Position: The Artificial Intelligence and Machine Learning Community Should Adopt a More Transparent and Regulated Peer Review Process

Basic Information

  • Paper ID: 2502.00874
  • Title: Position: The Artificial Intelligence and Machine Learning Community Should Adopt a More Transparent and Regulated Peer Review Process
  • Author: Jing Yang (University of Southern California, papercopilot.com)
  • Classification: cs.DL cs.AI cs.CV cs.CY
  • Publication Time/Conference: Proceedings of the 42nd International Conference on Machine Learning, Vancouver, Canada. PMLR 267, 2025
  • Paper Link: https://arxiv.org/abs/2502.00874

Abstract

With the rapid growth in submission volumes to top-tier artificial intelligence (AI) and machine learning (ML) conferences, many conferences have transitioned from closed review platforms to open review platforms. Some conferences have fully adopted open peer review, allowing public visibility throughout the entire process, while others employ hybrid approaches, such as publishing reviews only after final decisions or maintaining review privacy despite using open review systems.

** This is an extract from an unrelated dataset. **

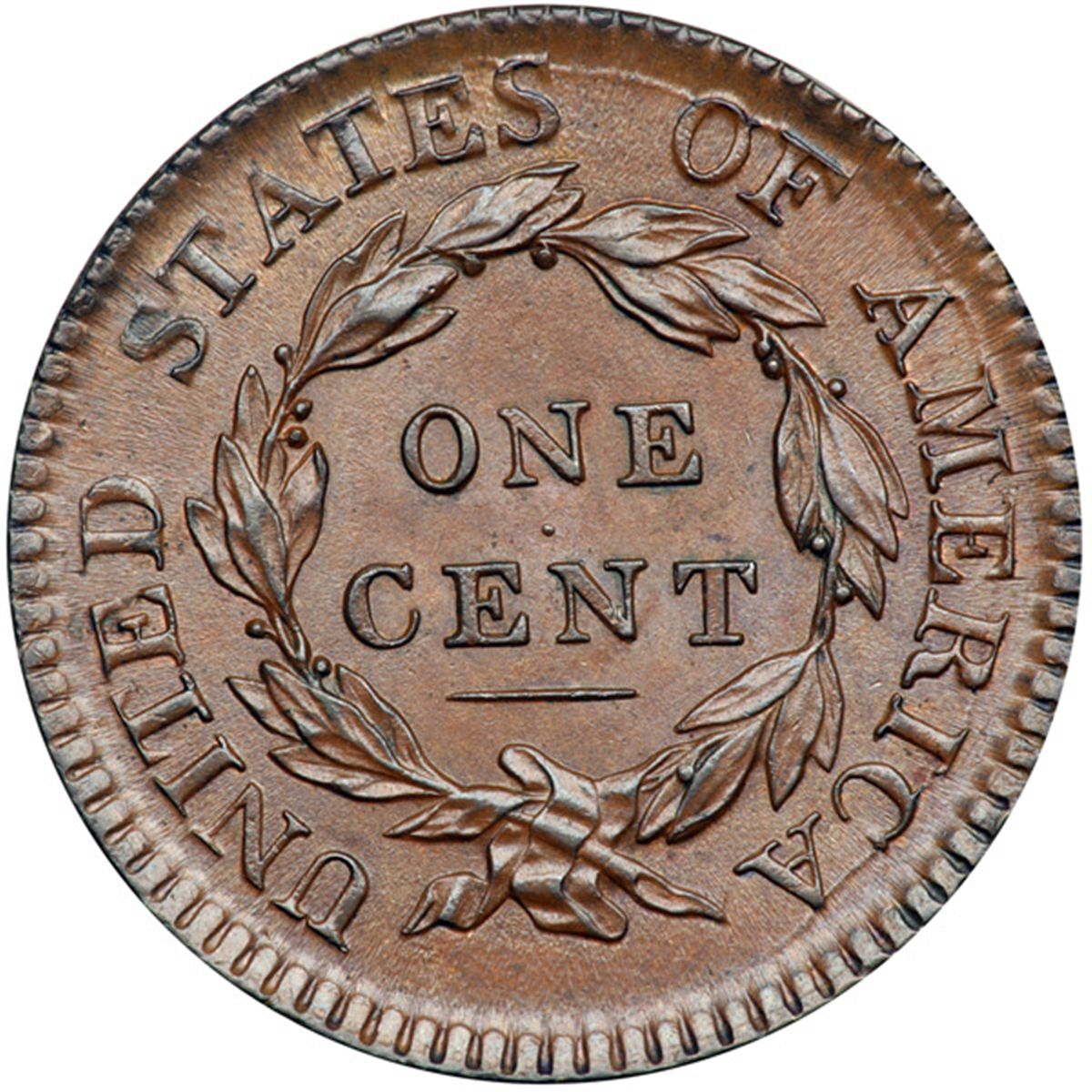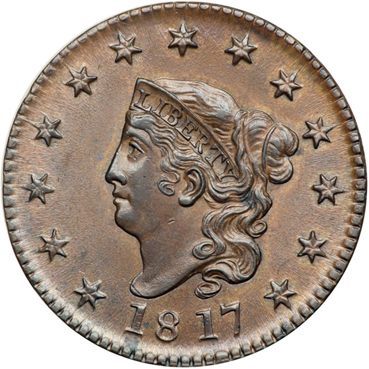1817 N-9 R2 AU58. Lustrous light steel brown with darker steel brown toning on the highest points of the designs. Tiny peeps of mint color can be found on both sides. Great eye appeal for the grade, about as close to mint state as you can get for an "AU" cent. Sharply struck MDS. The dentils around both sides are clear but there is no trace of the "Mouse" break on top of the head. The nearly vertical die line at the right foot of the first 1 is gone and the vertical line at the throat is weak but still visible. A tiny pinprick on the midpoint of the jawline is a good identifying mark. Called AU55 in the Noyes census, his photo #27226. Removed from a PCGS slab graded MS64BN (old green PCGS label included, #1594.64/7422179).

This paper analyzes the advantages and limitations of these models, highlighting the community's growing interest in transparent peer review. To support this discussion, we examine insights from Paper Copilot, a website launched two years ago to aggregate and analyze AI/ML conference data and attract a global audience. The website has attracted over 200,000 early-career researchers from 177 countries, particularly those aged 18-34, many of whom actively participate in the peer review process. Based on our findings, this position paper advocates for more transparent, open, and regulated peer review, aiming to promote greater community participation and advance the field.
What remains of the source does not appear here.